Even if type I and type II opsins have separate origins, type II opsins and homologus GPCR genes could still have originated through an internal duplication event separate from that of nonhomologous type I opsins. Although we found no statistical evidence, such a hypothesis is still possible. Since GPCR homologues are known from outside animals, an ancient internal duplication event would have occurred at least several hundred million years ago. If rates of evolution are high enough, this is sufficient time for duplicated TMS domains to diverge and erase the historical signal of duplication. Given the constraints of TMS proteins (e.g., amino acids must be hydrophobic), the power of shuffling analyses may be low. Additionally, rates of evolution or time of origin for type I opsins and GPCRs may be different.
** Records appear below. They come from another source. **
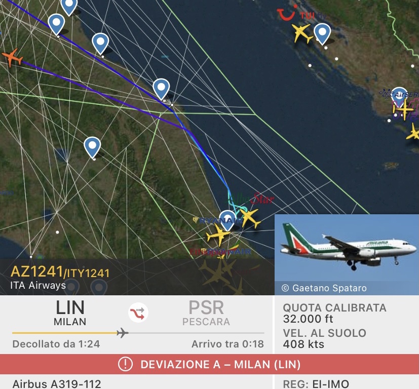 compagnie aeree Nebbia a Pescara. Volo ITA Airways ritorna a Milano Linate Pubblicato da Italiavola il 3 gennaio 2022 L’A319-112 EI-IMO ITA Airways, il quale opera il volo Milano Linate-Pescara AZ/ITY1241 a causa dello stato meteorologico sull’aeroporto abruzzese, dopo aver compiuto alcune holding sta ritornando all’aeroporto di partenza. Condividi: Fai clic per condividere su Facebook (Si apre in una nuova finestra) Facebook Fai clic qui per condividere su LinkedIn (Si apre in una nuova finestra) LinkedIn Fai clic qui per condividere su Reddit (Si apre in una nuova finestra) Reddit Fai clic qui per condividere su Pinterest (Si apre in una nuova finestra) Pinterest Fai clic qui per condividere su Tumblr (Si apre in una nuova finestra) Tumblr Fai clic per condividere su X (Si apre in una nuova finestra) X Mi piace Caricamento... Correlati
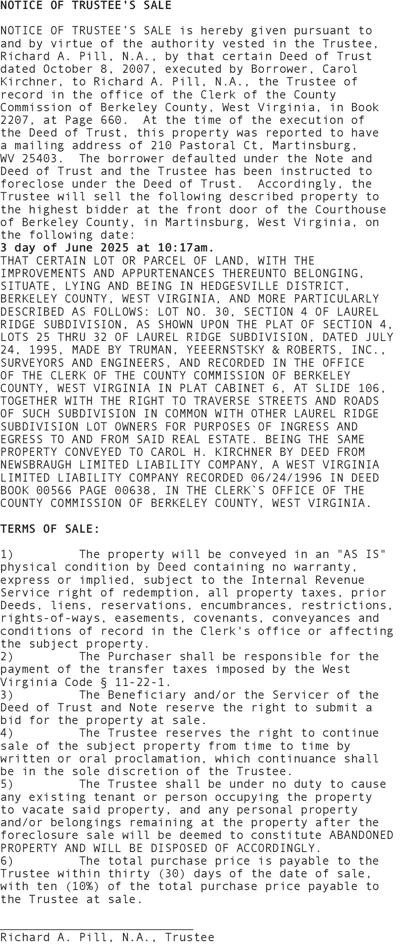 mailing address of 210 Pastoral Ct, Martinsburg, WV 25403. The borrower
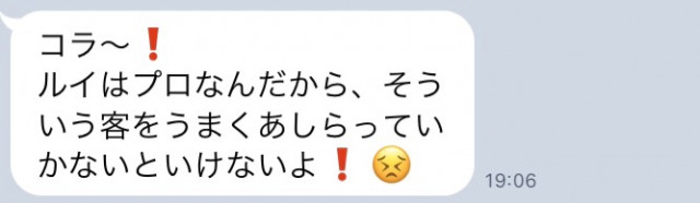 こちらが迷惑していることを伝えると「プロなんだからうまくあしらわないと!」や「そんなんじゃナンバーワンになれないヨ!」などと、急に叱ってくるのです。

As discussed above, these hypotheses would be very difficult to test.

Conclusion

In summary, we used customized global alignment schemes to test the hypothesis of an internal domain duplications at the origin of type II opsins. Our methods supported a duplicative origin of type I opsins, consistent with previous studies (Ihara et al. 1999; Zhai et al. 2001). Using these same methods, we find no statistical support for a similar origin of type II opsins. These results are consistent with multiple other lines of evidence that type I and type II opsins represent an amazing convergence. Although we find no signal of duplication of type II opsin membrane components, we cannot formally rule out the possibility that this signal was erased since the time of origin of these opsins.